---------- Given information ----------
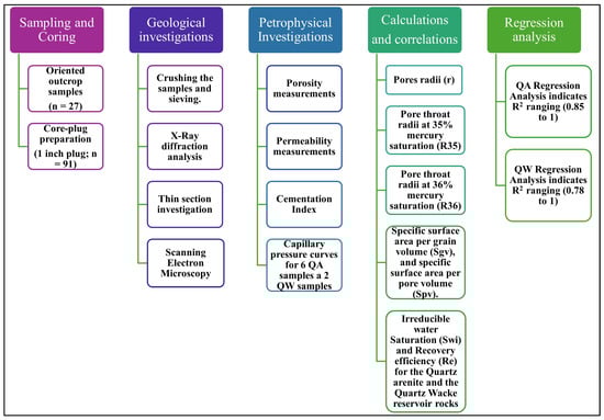 The complexity, limited data, and uncertainty associated with characterizing a poor-quality subsurface reservoir can be investigated by studying surface analogs. Such studies help establish a geological context and provide a basis for comparison, especially in areas where subsurface data is sparse [,]. Furthermore, the high costs of retrieving core plugs from deep reservoirs can be mitigated by using surface analogs to characterize reservoir heterogeneity []. Therefore, surface analog studies and subsurface reservoir characterization methods play complementary roles.
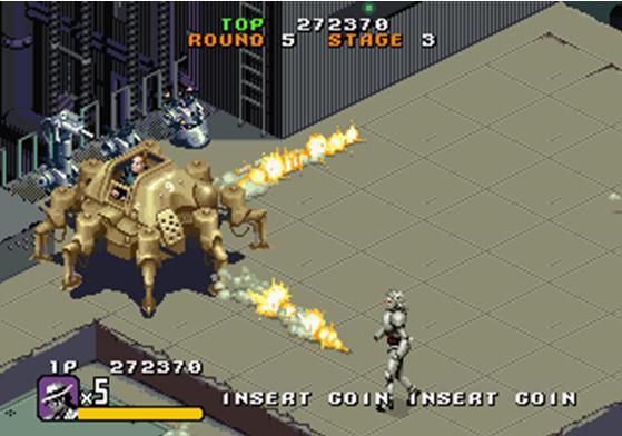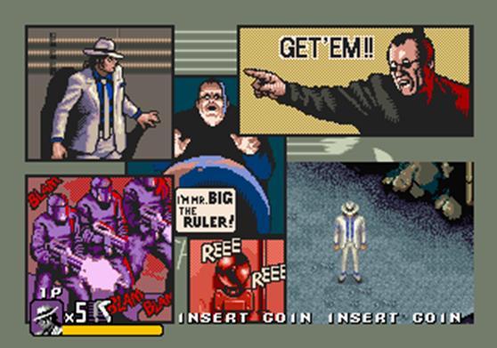 街机版<月亮步>大概是除MD版外,唯一一部值得一玩的杰克逊游戏了,不过它比MD版还要差点.本作的类别介于射击游戏与动作清版游戏之间,幸运的是,MD版的绝大部分出彩要素都被沿用.默认值下,按住开火按钮可以放出电荷杀死敌人.你依然可以引诱敌人跳舞,只不过这次不再耗费你的生命槽,而且还能通过营救小孩获得补充.当你找到Bubbles后,你会变身为一个机器人,换用导弹与激光来消灭敌人。本作采用了传统了斜45度视角,同时可三人同玩(2p和3p分别是穿着红色与黑色西装的杰克逊).游戏中很多关卡的主题都是重复的,只是顺序稍微有点变化.乐曲也有很多重复,可品质并没有多少提升.毫无疑问,这是画面最好看的一部杰克逊游戏.游戏在不经意间流露出不少闪动之处,每关一开始,都配有几幅有趣的漫画桥段,以及一幅标有所有人质方位的地图.在一些场景里,迈克尔还会向Mr.Big发出他那标志性的WOOO~吼声,就像狗在对敌人狂吠般——类似的场景在MD版中也曾出现过.迈克尔转变为机器人形态的过程看了让人直起鸡皮疙瘩——首先,迈克尔的身体会增大成一个巨大的畸形体,然后变为金属,再然后缩为标准尺寸.只是"需要找到Bubbles才能变身"这样的设定本身似乎并没有多少道理.有意思的是,到达墓地后,Mr.Big会?鲆痪渚镆舨裳某胺砘坝?"我真的太爱你了,迈克尔!"
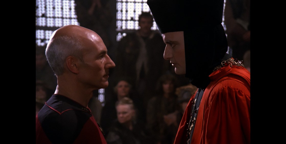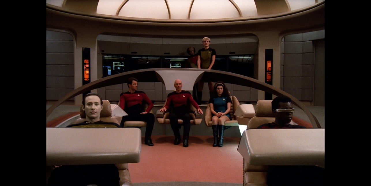 Favorite Scenes: One of the best scenes involves a cameo of DeForest Kelley, playing Bones as a retired 137-yr old admiral. It’s just him and Data, and the nostalgia in this scene can be felt; you really get a sense that the torch is being passed here. The scene where Picard and Q are facing off in the courtroom scene is also enjoyable and does work because we get to see actual drama between two actors who know exactly what they’re doing.
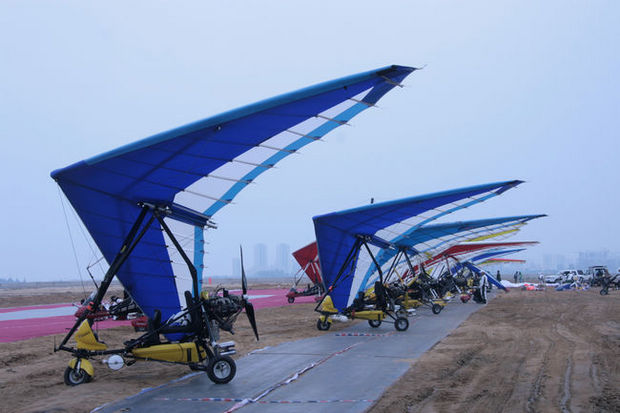 在?谑腥f(wàn)綠園后觀海臺(tái)賽點(diǎn),動(dòng)力懸掛滑翔機(jī)整裝待發(fā)
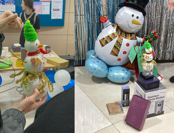 月底的时候学校有举办了“咖啡日”活动,我们一起制作圣诞主题的衣服,自己设计雪人模型,一起上台跳舞、英语发表。
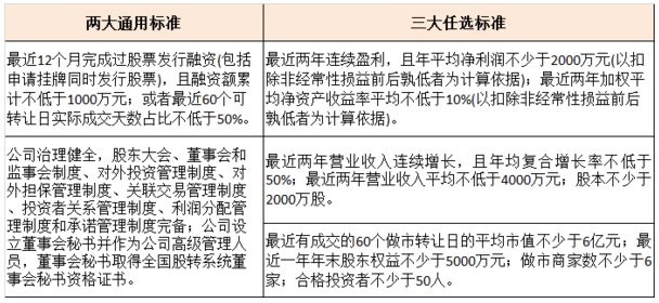 根據《新三板分層管理辦法》,入選創(chuàng)新層有兩大通用標準和三大任選標準。在滿足兩大通用標準的基礎上滿足任何一個任選標準即有望進入創(chuàng)新層,其余則進入基礎層。
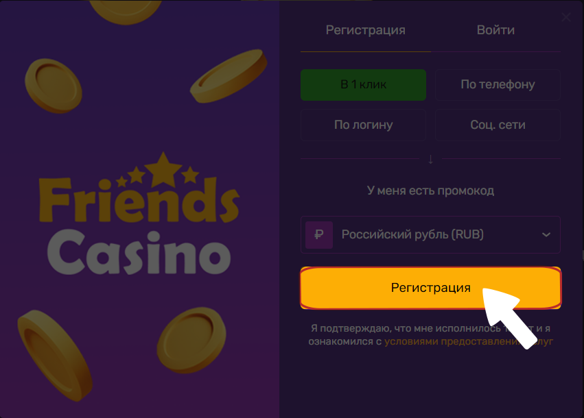 При регистрации на нашем портале вы автоматически подтверждаете, что вам исполнилось 18 лет и вы ознакомлены с правилами предоставления услуг.
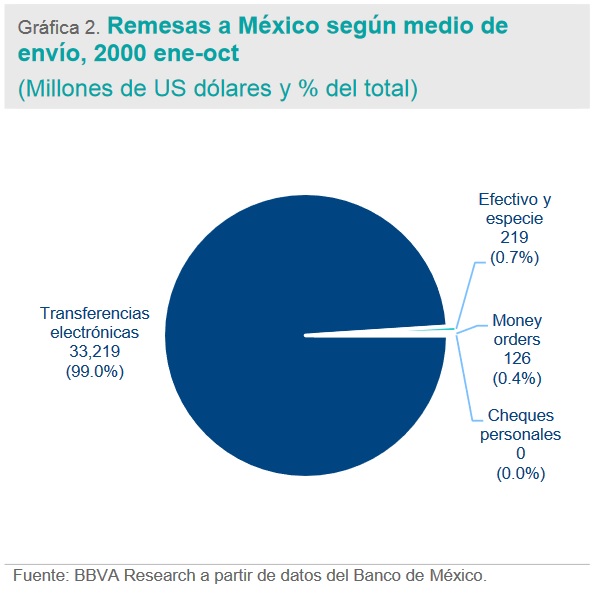 Tan sólo en los primeros diez meses de 2020, 99.0% de las remesas que llegaron a México fueron por transferencias electrónicas.
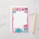 This tea party stationary is decorated with a teal green teapot sitting next to a stack of teal green and pink teacups on the bottom. At the top of the stationary there are two pretty little girls adorned in dresses sitting in a teacup and three butterflies in between them.
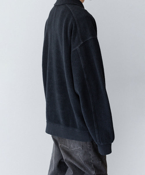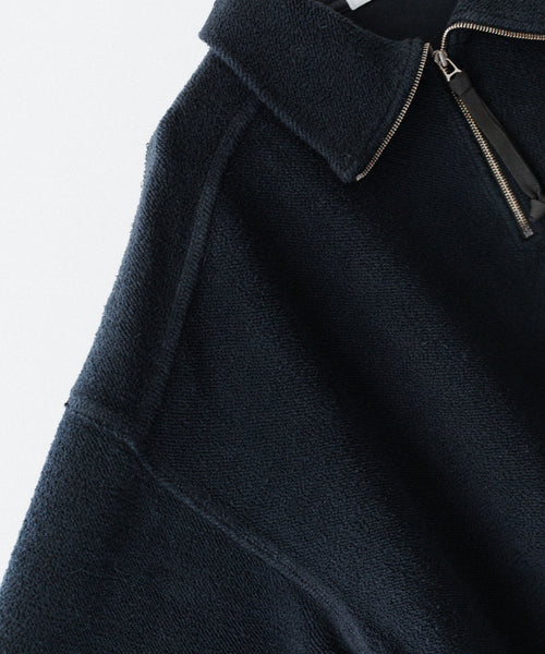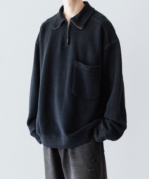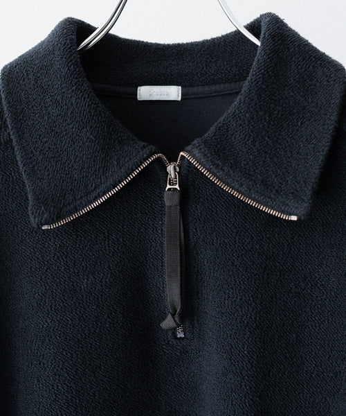 ハーフジップのプルオーバー。ほどよいルーズシルエットに仕上げています。
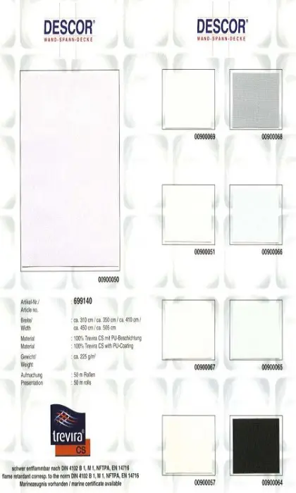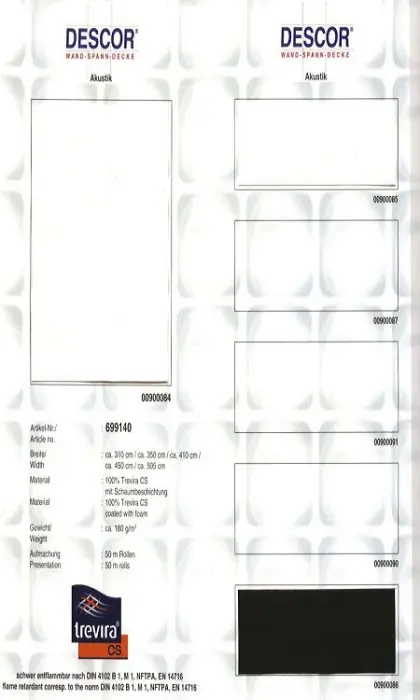 - DESCOR Trevira CS Premium white (optical, cold) – article 050 – width 3.1m; 4.1m; 5.1m
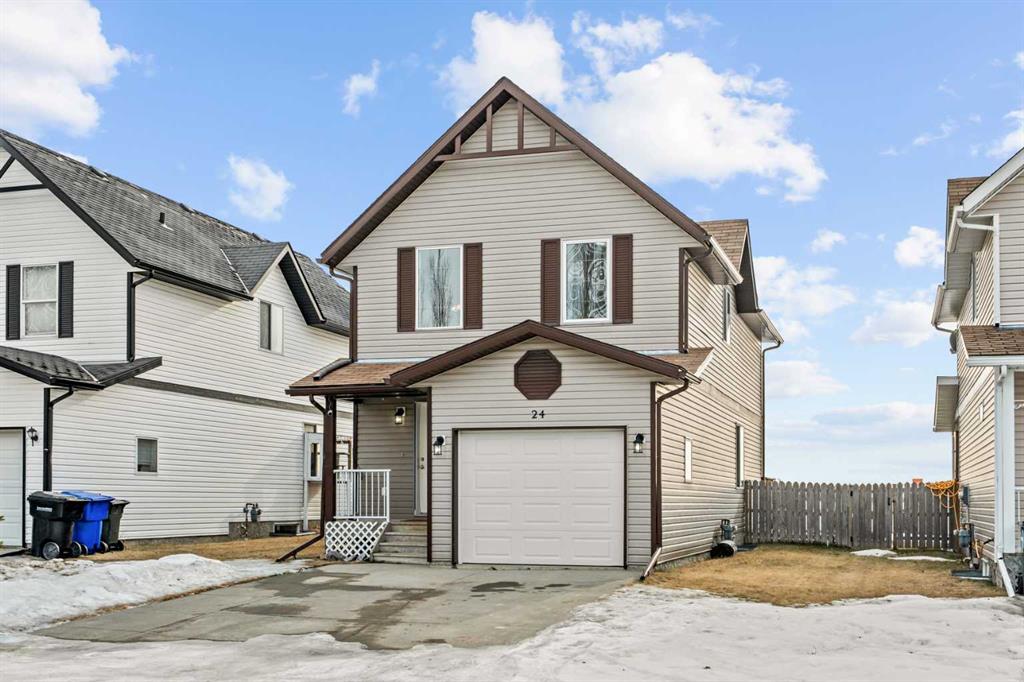 MOUNTAIN VIEWS | 4 BED / 2.5 BATH / 2,100+ SQ FT OF LIVING SPACE | FULLY DEVELOPED BASEMENT | SINGLE ATTACHED GARAGE | SOUTH-FACING BACKYARD | WELL-MAINTAINED DETACHED HOME – Welcome to 24 Destination Place, a charming and well-cared-for home located in a quiet, family-friendly neighbourhood backing onto an open field for added privacy and breathtaking views. Enjoy unobstructed mountain views, beautifully framed by the historic Pioneer Elevator, creating a truly unique and picturesque setting.
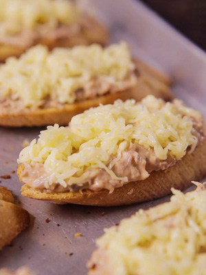 В нашем рецепте брускетты с тунцом в начинку дополнительно добавляется сыр, зелень и специи.
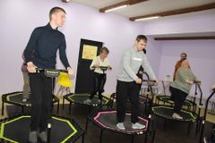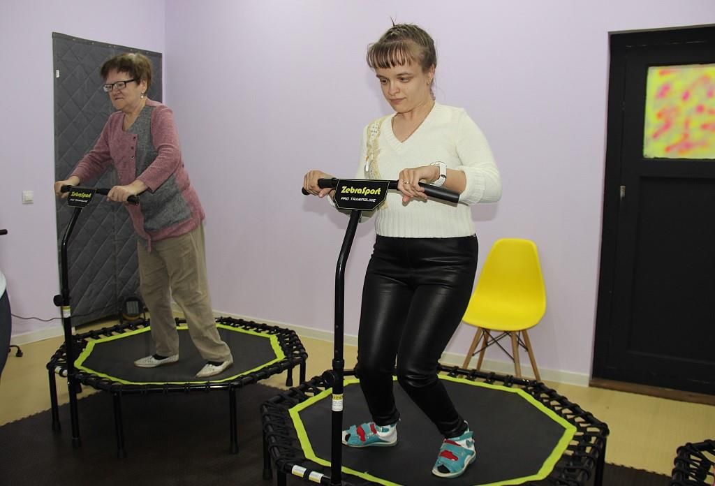 Затем, инструктор Екатерина Ваганова провела для гостей фитнес-тренировку, где каждый смог попробовать себя в джампинге на мини-батутах. Новые, необычные тренажеры вызвали неподдельный интерес. Особенно ребятам понравились упражнения, направленные на развитие равновесия и координации движений.
----------
** What to produce **
Both ends included, copy the lines from the one holding "В нашем рецепте" to the last line of the entries exactly, with all pictures left out.

** Your response **
 В нашем рецепте брускетты с тунцом в начинку дополнительно добавляется сыр, зелень и специи.
 Затем, инструктор Екатерина Ваганова провела для гостей фитнес-тренировку, где каждый смог попробовать себя в джампинге на мини-батутах. Новые, необычные тренажеры вызвали неподдельный интерес. Особенно ребятам понравились упражнения, направленные на развитие равновесия и координации движений.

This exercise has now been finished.